The variant matters. During the Delta period, the stillbirth rate among COVID-positive deliveries jumped to 2.70%, four times higher than the baseline. During Omicron, the stillbirth rate dropped to about 0.9% in unvaccinated women. Pregnancy complications overall followed a similar pattern: 35.2% during Delta versus 30.3% during Omicron.
What Happens to the Placenta
COVID-19 can cause inflammation in the placenta, the organ that delivers oxygen and nutrients to your baby. Researchers have found that placentas from infected women sometimes show a pattern of immune cells flooding the space between the placenta’s tiny finger-like projections (called villi), along with damage to the outer layer of cells that normally forms a barrier between your blood and the baby’s. When both of these occur together, the virus is more likely to cross from mother to baby. Other findings include inflammation of the umbilical cord and signs of disrupted blood flow on either the maternal or fetal side of the placenta.
Can the Baby Get Infected?
Vertical transmission, where the virus passes from mother to baby before or during birth, happens but is uncommon. A large meta-analysis of 204 studies estimated the overall rate at about 4%. Most newborns who do test positive have mild or no symptoms. The placental barrier is effective at blocking the virus in the vast majority of cases, though the inflammation described above can sometimes compromise that protection.
Higher Cesarean Delivery Rates
Studies from the earlier pandemic found that cesarean delivery rates were notably higher among women hospitalized with COVID-19, with one review reporting 77.7% of deliveries were surgical. That number is somewhat misleading. COVID-19 alone is not a reason to perform a cesarean. The higher rate reflects the fact that severely ill women are more likely to need early or emergency delivery for their own health or the baby’s. When the infection is mild and the pregnancy is otherwise progressing normally, vaginal delivery remains appropriate. Close monitoring of the baby’s status during labor helps avoid the need for emergency surgery.

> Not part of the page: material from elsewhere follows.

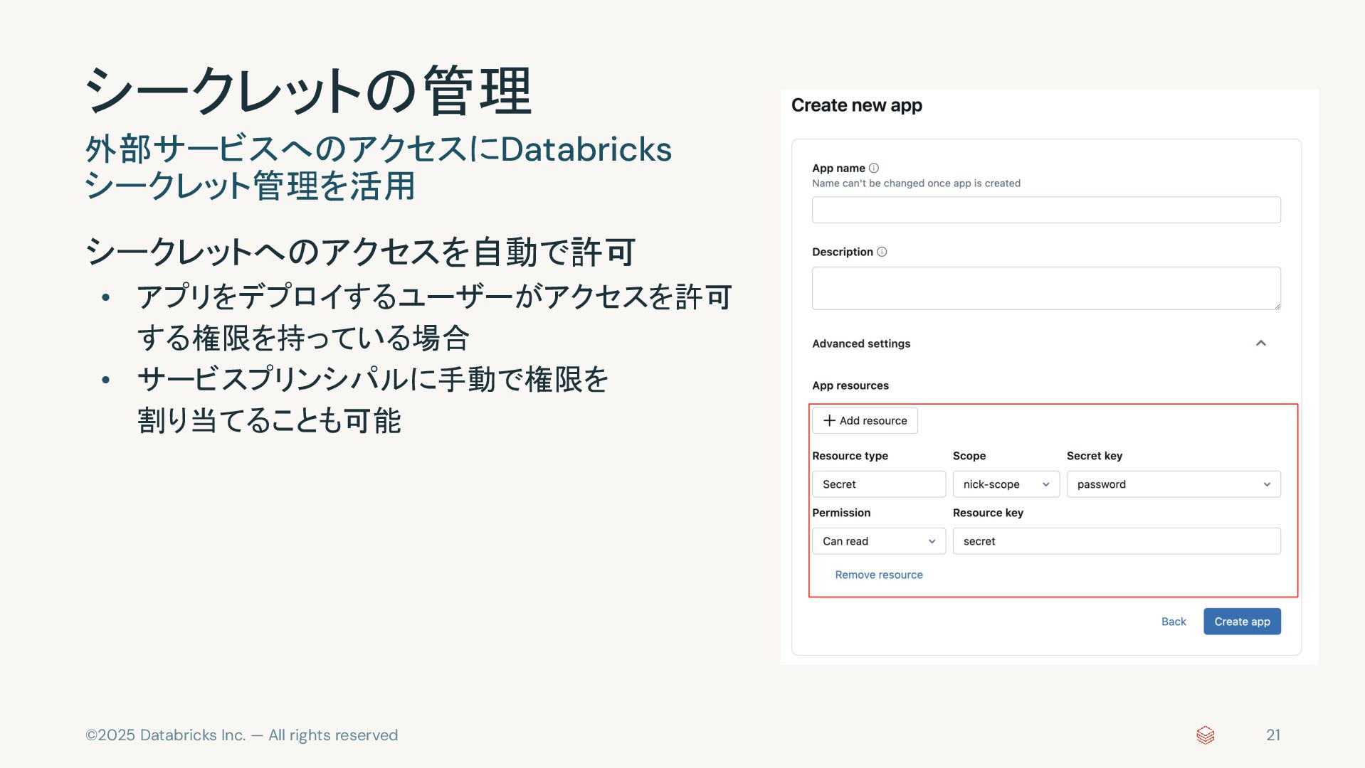 ©2025 Databricks Inc. — All rights reserved シークレットの管理 シークレットへのアクセスを自動で許可 •

Treatment During Pregnancy
If you test positive for COVID-19 while pregnant, antiviral treatment is available and recommended. Both ACOG and the CDC advise against withholding treatment simply because someone is pregnant. The preferred outpatient treatment is Paxlovid, which is prescribed for mild to moderate illness in people at high risk of becoming sicker. Pregnancy itself qualifies as a high-risk condition.

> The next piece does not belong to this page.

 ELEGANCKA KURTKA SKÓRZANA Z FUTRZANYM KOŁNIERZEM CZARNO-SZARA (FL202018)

Paxlovid is taken as three tablets twice daily for five days, starting as soon as possible after a positive test. If you also have the flu at the same time, both Paxlovid and a flu antiviral can be taken together. In general, treatment decisions for pregnant patients follow the same guidelines as for everyone else. The key is to get tested early and start treatment promptly rather than waiting to see if symptoms worsen.

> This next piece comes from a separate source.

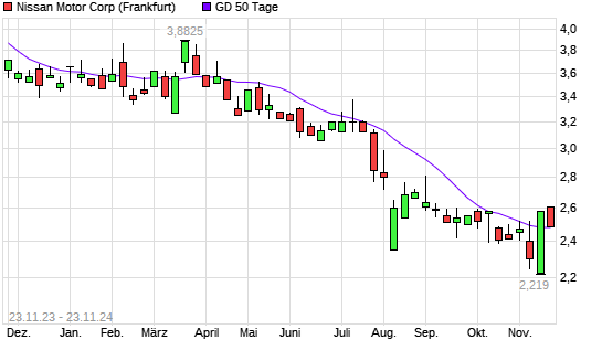 Mit dem Rücksetzer auf 2,48 EUR hat die Nissan Motor-Aktie am 22.11.2024 die 50-Tage-Linie nach unten gekreuzt.

How Vaccination Protects You and Your Baby
COVID-19 vaccination during pregnancy reduces emergency department and urgent care visits related to the virus by 52%. It also lowers the risk of severe illness, hospitalization, ICU admission, and death. But the benefits extend beyond your own health. When you’re vaccinated during pregnancy, your body produces antibodies that cross the placenta and reach your baby. Since no COVID-19 vaccine is approved for infants under 6 months old, this transferred immunity is the only form of protection available to newborns.
A completed two-dose mRNA series during pregnancy was shown to be 61% effective at preventing hospitalization in infants under 6 months. That protection covers the window when babies are most vulnerable and have no other option for vaccination. Getting an updated COVID-19 vaccine during pregnancy is currently recommended regardless of how many previous doses you’ve had.